El 29 de junio de 1868, mediante la bula Aeterni Patris, el papa Pío IX (1846-1878) convocaba un concilio cuyo comienzo se fijaba para el 8 de diciembre de 1869 en el Vaticano. La bula declaraba que el concilio se ocuparía de "examinar diligentemente todo lo que en estos difíciles tiempos sea mejor para la gloria de Dios, integridad de la fe, honor del culto divino y salud de las almas." Pero, en realidad, la convocatoria del concilio, conocido como Vaticano I, respondía exclusivamente al deseo del papa de conseguir la infalibilidad, para él y, por ende y al tratarse de un dogma, para todos sus antecesores y sucesores.
Cercado por las tropas que peleaban para conseguir la unidad de Italia y a punto de perder los llamados Estados Pontificios, Pío IX consideraba que tal declaración fortificaría el carisma y el poder que creía estar perdiendo sobre la grey católica, y de este modo se fortificaría también la Iglesia, amenazada, según el pontífice y no pocos intelectuales católicos, por el liberalismo y el socialismo, principalmente.

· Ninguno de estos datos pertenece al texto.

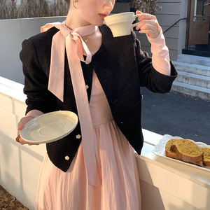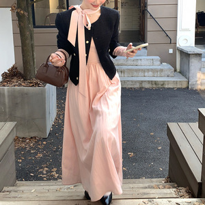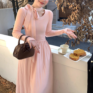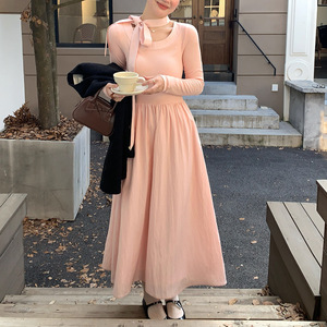 甜美【奶霜桃桃】韩版挂脖针织长袖连衣裙女温柔风收腰秋季长裙子
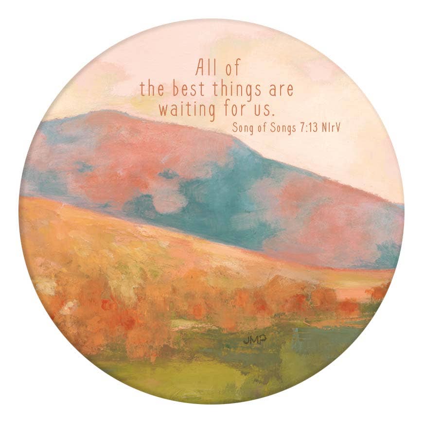 Legacy’s Faith absorbent ceramic coaster fits snuggly into your car cup holder and features inspirational scripture. It includes a strategic divot on one side so they can be easily popped in and out. They also keep your car cupholder clean and are washable. Size 2.65" in diameter. Made in the USA.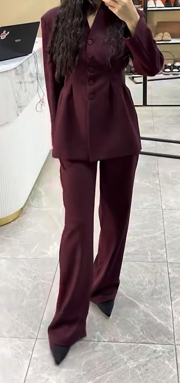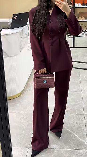 Женский костюм с жакетом-пеплум и прямыми брюками - Силуэт

El desarrollo del concilio no fue fácil para el pontífice. A la magna asamblea habían sido invitados los distintos cristianismos denominados protestantes y los ortodoxos orientales, pero todos se negaron a asistir. Entre los padres asistentes, la mitad, más o menos, estaba en contra de la infalibilidad, unos por parecerle ridícula la pretensión de Pío IX, otros por considerarla inoportuna, pero la insistencia papal, incluidas amenazas de excomuniones y anatemas, acabó dando el resultado apetecido, aunque no en el grado de asentimiento esperado y deseado por el pontífice. Así, de los 747 padres conciliares, 157 se fueron ausentando del concilio en medio de las discusiones teológicas. Posteriormente, el 18 de julio de 1870, día de la votación final, 55 no acudieron a la misma y se marcharon de Roma, de modo que el resultado definitivo fue el de 535 votos a favor y 2 en contra, resultado que 1870 años después de la aparición del cristianismo otorgaba a un hombre la imposibilidad de equivocarse, aunque, eso sí, sólo en determinadas materias y situaciones. Pero cómo había empezado todo. Del Jesús histórico no sabemos directamente nada, pues nada dejó él escrito. La mayoría de los historiadores y eruditos admiten su existencia real, aunque, ciertamente, una minoría la niega. Todo lo que sabemos de él es lo que nos cuentan los evangelios. Por tanto, a quien se cree en cuanto a sus dichos y a sus hechos no es a Jesús, sino a los evangelistas y uno se pregunta cómo pudieron éstos conocer, por ejemplo, lo que le ocurrió a Jesús en el desierto, si el Maestro se retiró solo y solo permaneció en él durante cuarenta días. O cómo pudieron conocer el padecimiento de Jesús en el huerto de Getsemaní, si, del mismo modo, el Maestro se alejó de los discípulos que lo acompañaban y, para colmo, éstos se quedaron durmiendo.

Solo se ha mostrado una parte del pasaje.